What is PCOS and How Does Diet Help Manage It
Polycystic ovary syndrome (PCOS) affects an estimated one in five Indian women of reproductive age, making India one of the countries with the highest prevalence globally. It is also one of the most mismanaged conditions in Indian healthcare, where treatment often focuses on symptom suppression rather than the underlying metabolic drivers that diet can address directly.
What PCOS actually is
PCOS is a hormonal and metabolic condition characterised by elevated androgens (male hormones), irregular or absent ovulation, and often the presence of multiple small follicles on the ovaries. Its most common symptoms include irregular periods, weight gain particularly around the abdomen, excess facial and body hair, acne, hair thinning, and difficulty conceiving.

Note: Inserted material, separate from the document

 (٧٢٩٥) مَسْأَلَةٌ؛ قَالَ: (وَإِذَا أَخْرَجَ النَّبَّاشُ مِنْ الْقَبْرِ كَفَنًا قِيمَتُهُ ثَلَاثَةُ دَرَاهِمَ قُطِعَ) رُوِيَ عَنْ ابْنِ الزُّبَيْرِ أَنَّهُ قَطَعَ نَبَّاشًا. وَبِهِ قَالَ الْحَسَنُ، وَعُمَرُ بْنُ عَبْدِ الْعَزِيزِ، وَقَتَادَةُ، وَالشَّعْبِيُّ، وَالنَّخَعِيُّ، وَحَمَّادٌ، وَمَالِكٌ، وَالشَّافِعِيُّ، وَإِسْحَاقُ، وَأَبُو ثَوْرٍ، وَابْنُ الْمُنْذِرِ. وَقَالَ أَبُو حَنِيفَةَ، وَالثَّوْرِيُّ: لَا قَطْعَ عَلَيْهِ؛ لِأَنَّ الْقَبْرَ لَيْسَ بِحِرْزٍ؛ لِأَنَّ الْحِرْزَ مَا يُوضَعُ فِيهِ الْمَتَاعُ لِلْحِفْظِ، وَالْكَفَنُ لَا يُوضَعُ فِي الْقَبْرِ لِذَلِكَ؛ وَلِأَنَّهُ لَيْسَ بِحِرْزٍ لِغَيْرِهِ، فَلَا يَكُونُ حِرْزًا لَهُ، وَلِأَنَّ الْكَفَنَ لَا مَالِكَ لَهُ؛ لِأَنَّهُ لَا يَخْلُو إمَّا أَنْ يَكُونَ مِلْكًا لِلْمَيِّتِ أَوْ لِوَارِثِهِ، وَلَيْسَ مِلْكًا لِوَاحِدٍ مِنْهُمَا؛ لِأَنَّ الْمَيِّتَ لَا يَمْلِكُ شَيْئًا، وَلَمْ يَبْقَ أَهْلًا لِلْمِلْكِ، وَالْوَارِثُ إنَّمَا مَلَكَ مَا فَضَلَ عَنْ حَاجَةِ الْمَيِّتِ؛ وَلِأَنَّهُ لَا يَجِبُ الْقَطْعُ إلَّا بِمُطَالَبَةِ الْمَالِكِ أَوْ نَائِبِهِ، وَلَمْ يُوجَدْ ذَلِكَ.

The underlying driver in the majority of PCOS cases is insulin resistance. Elevated insulin stimulates the ovaries to produce excess androgens, which disrupts the hormonal balance required for regular ovulation. Addressing insulin resistance through diet is the most evidence-based nutritional intervention for PCOS management.
What to eat for PCOS
Low glycaemic index carbohydrates are the foundation. Replacing white rice and maida with millets, ragi, whole wheat, and legumes reduces insulin spikes and over time improves insulin sensitivity. This directly reduces androgen production and can restore menstrual regularity in women with insulin-driven PCOS.
Adequate protein at every meal further stabilises blood sugar and reduces insulin demand. Dal, eggs, paneer, curd, and roasted chana are practical sources across vegetarian and non-vegetarian diets.
Anti-inflammatory foods reduce the systemic inflammation that is elevated in PCOS and worsens symptoms. Turmeric, ginger, omega-3-rich flaxseeds and walnuts, and a diverse range of colourful vegetables are the most relevant additions.
Methi seeds have specific relevance for PCOS: their galactomannan fibre slows glucose absorption and their diosgenin content has shown preliminary effects on hormonal balance in small studies.
What to reduce
Refined carbohydrates and added sugar drive the insulin spikes that worsen androgen elevation. Dairy is debated in the PCOS context: some research links high dairy consumption to increased androgen activity, though the evidence is not conclusive. Reducing processed dairy while maintaining fermented dairy like curd and chaas is a reasonable middle approach.
The realistic expectation
Dietary changes for PCOS work on a timeline of three to six months of consistent application. They are not a replacement for medical management in moderate to severe cases but are a foundational intervention that improves the effectiveness of any treatment approach.